3. Data Marts - The lineage is great, but it requires editing the Dimensional attribute and selecting "Show Lineage".  No way to quickly look at a DM object and easily understand it well.

4. Work Flow - I don't see how this could manage the complexities of loading a DW with dependencies and precedence.  Especially if there are many Warehouse Tasks like I believe we would need. There does not seem to be a way to disable a give tables flow or allow for a restart/reposition if there is something that went wrong in in the flow.

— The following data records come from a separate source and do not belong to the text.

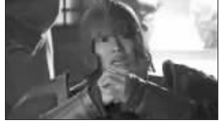
曹操手下的卫兵(第25集)
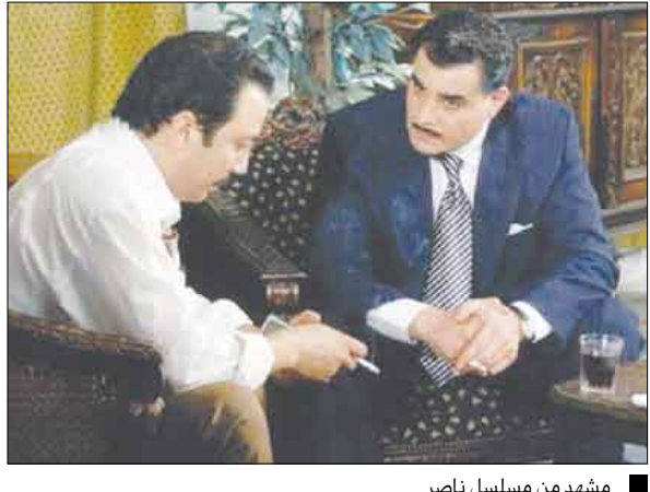
مشهد من مسلسل ناصر
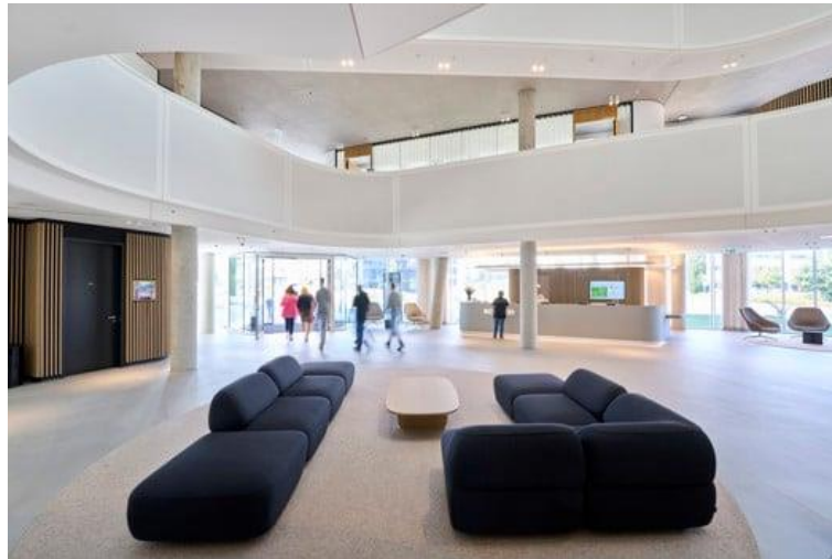
Il nuovo quartier generale Schüco One, frutto di investimenti da parte di Schüco
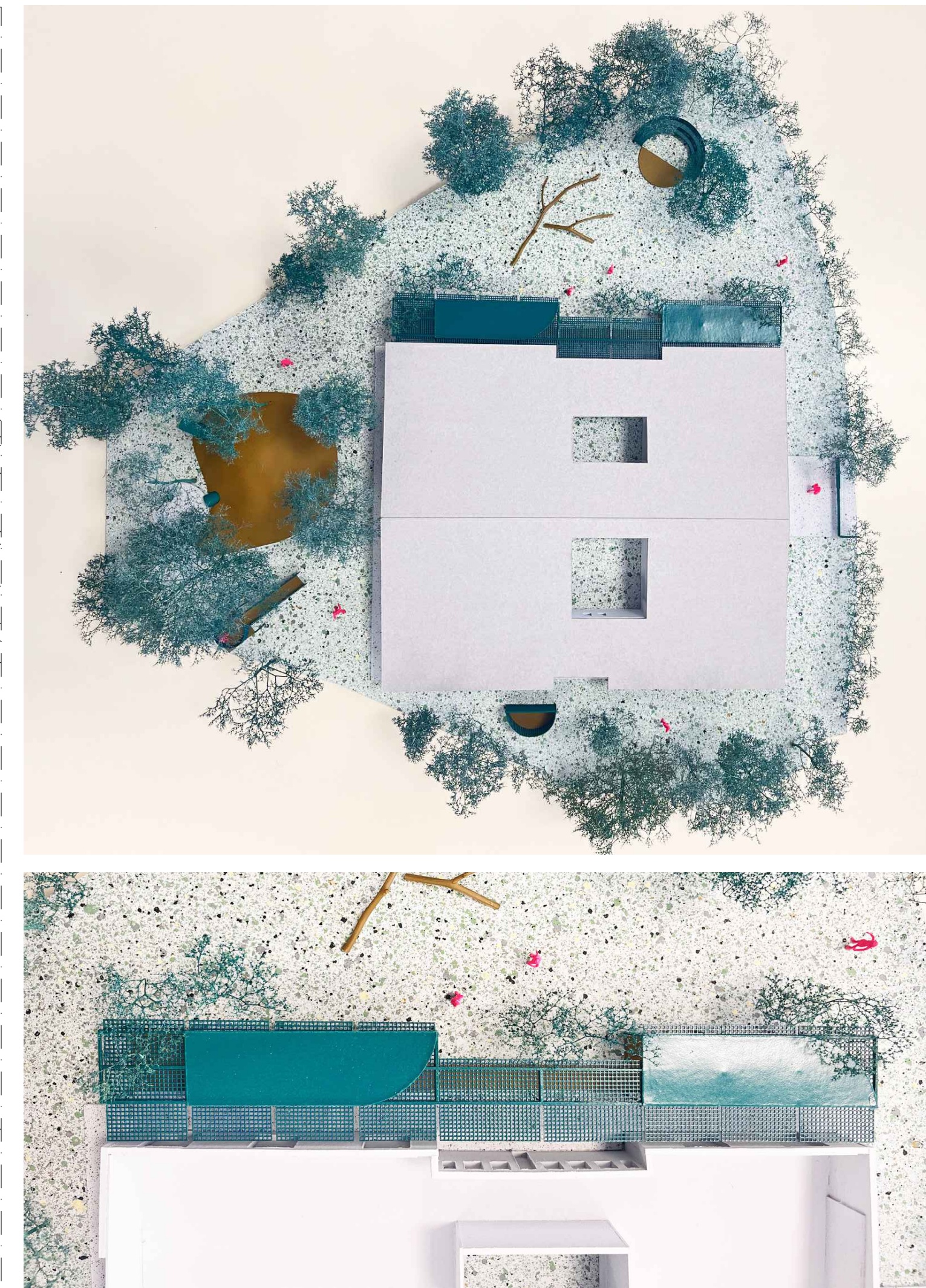
DETT. 1 - NUOVA RECINZIONE scale 1:20
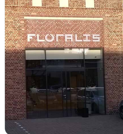
Cinema Floralis en Filmhuis Lisse
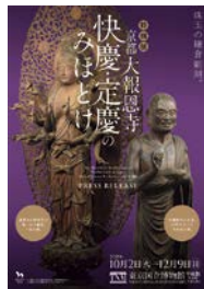
特別展「京都 大報恩寺 快慶・定慶のみほとけ」

🕒 9:30～17:00 毎週金曜、土曜日および10月31日(水)、 11月1日(木)は21:00まで開館します。 2018年9月までの日曜、祝日、休日は18:00まで開館します。 2018年9月21日(金)、22日(土)は22:00まで開館します。 ※いずれも入館は閉館の30分前まで ※時期により変動あり
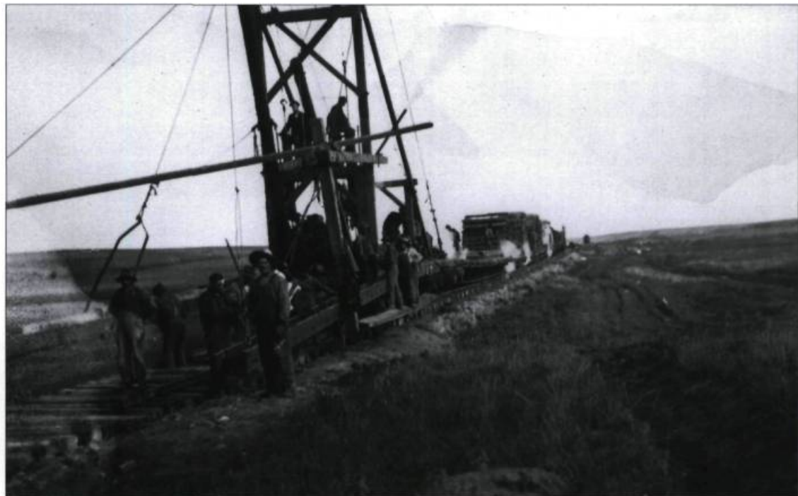
Canadiens français occupés à la pose de rails en Ontario.

Après avoir passé l'été en plein soleil à manipuler des sections d'acier, à pelleter du ballast, à
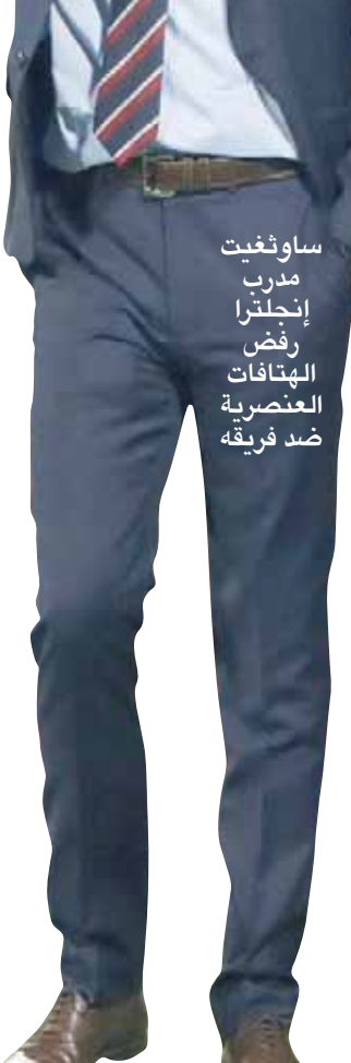
ساوثغيت مدرب إنجلترا رفض الهتافات العنصرية ضد فريقه

شارك نجم أياكس أمستردام الشاب ديفيد نيريس في مباراته الدولية الأولى مع منتخب البرازيل يوم الثلاثاء الماضي. ورغم أن اللاعب البالغ من العمر 22 عاماً قد عارض متوتراً خارج الملعب، فإنه
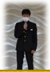
生徒会長あいさつ
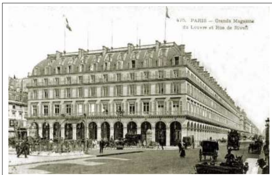
Het Galeries du Louvre is onderdeel van de Rue de Rivoli.

Kennelijk was er ook vanuit Enschede belangstelling voor de laatste woon en modetrends uit Parijs.
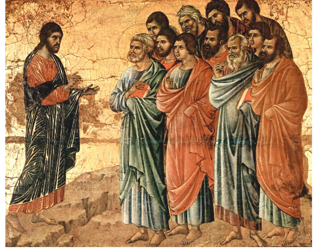
<갈릴래아 산에 나타남>, 1308-1311년, 두치오

내가 너희에게 명령한 모든 것을 가르쳐 지키게 하여라. 보라, 내가 세상 끝 날까지 언제나 너희와 함께 있겠다. (마태오 28, 20)
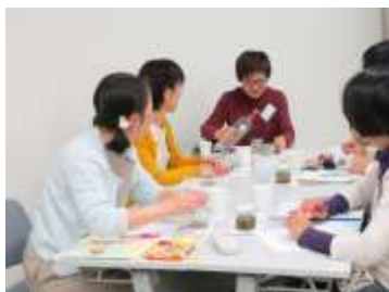
実習でのチンキ作り

会場 川崎市生涯学習プラザ2階会議室 受講料 4,500円 教材費 4,000円 (全5回分 消費税込)
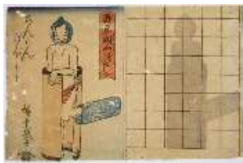
うたがわひろしげ 歌川広重 そっきょうがぼし 「即興図両づくし らんかんぎぼし」
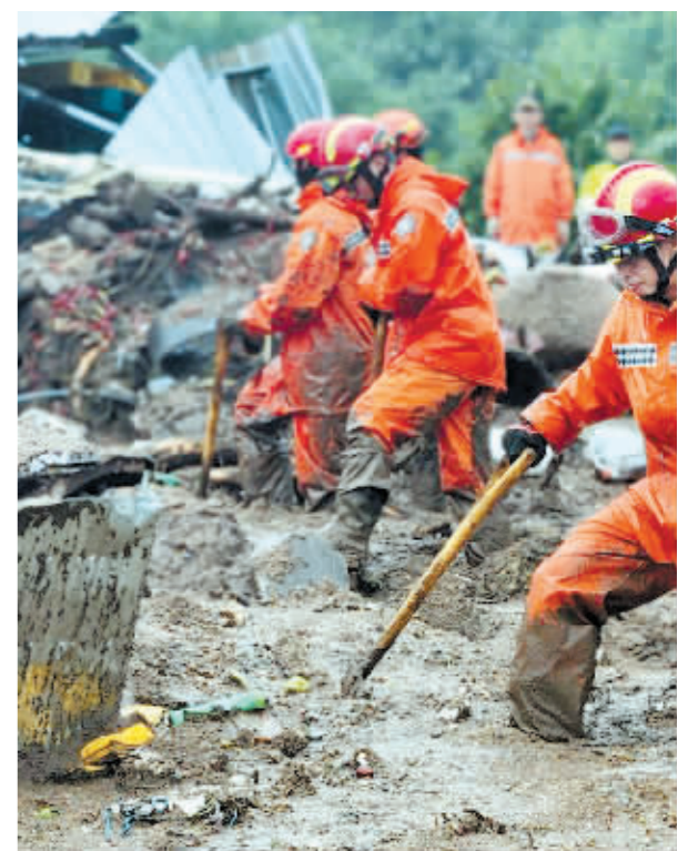
7月15日,消防人员在韩国醴泉的泥石流现场参与搜救。

据新华社电 韩国部分地区连日遭遇强降雨天气,据韩联社报道,截至15日下午强降雨已造成24人死亡,另有10人失踪。
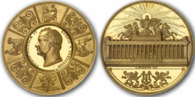
Abb. 6: Große Preismedaille der Akademie für Kunst. Sie wurde den Künstlern verliehen, die im Rahmen der jährlichen großen Kunstausstellung das beste Kunstwerk abgeliefert hatten.

Der Staat tat das Seine, um den Fortschritt zu fördern. Natürlich gehörte die Veranstaltung von Gewerbeausstellungen dazu. Aber auch die Grundlagenforschung spielte eine zentrale Rolle. Von größter Bedeutung war dabei die Königlich-Preußische Akademie der Wissenschaften. Sie finanzierte Forscher, diente als Diskussionsplattform, zeichnete wissenschaftliche Leistungen aus und machte sie publik. Preismedaillen waren ein zentrales Element der Förderung.

Any insights/experience is greatly appreciated.

Thank you

 

 

 

 

 

Labels (4)
1 Solution

Accepted Solutions
Brian_Jones
Employee
Employee

First, a question: are you also exploring Qlik Cloud Data Integration (QCDI), as well as Qlik Compose in your integration redesign POC? QCDI is a very modern, SaaS driven approach to data integration pipelines that can be more flexible than Compose. If you haven’t considered it, I suggest you contact your Qlik representatives and ask them about it.

Next, a general comment that a warehouse automation solution like Compose requires a model-driven approach to take full advantage of time-saving code generation in the product. The automation flows from the model, which is a bit different than an ETL and stored procedure approach.

  1. Model development - Because my warehouse includes multiple source systems, common tables like Address, Customer, and State may exist in all of the sources. And due to the number of tables I am dealing with it seems very difficult to look at the Manage Model UI and understand where a table originated from. I realize that the lineage is available but only if you select a table and utilize the drop down one at a time. (Unfortunately the lineage view only displays 23 characters). Seems like the UI could allow for sorting/filtering by Source DB and Schema. Is my only option to rename all Entities like Address_SourceA, Address_SourceB?

The following Compose whitepaper describes the options for modeling data from multiple sources. When multiple sources overlap heavily, labeling the landed source entities is the best approach.

https://community.qlik.com/t5/Official-Support-Articles/Qlik-Compose-Data-Warehouse-Modeling-Best-Pr...

Other Compose whitepapers are labeled in Community with a ComposeWP tag. I suggest using the Classic Search under Support | Knowledge | Member Articles as in the link below to locate them.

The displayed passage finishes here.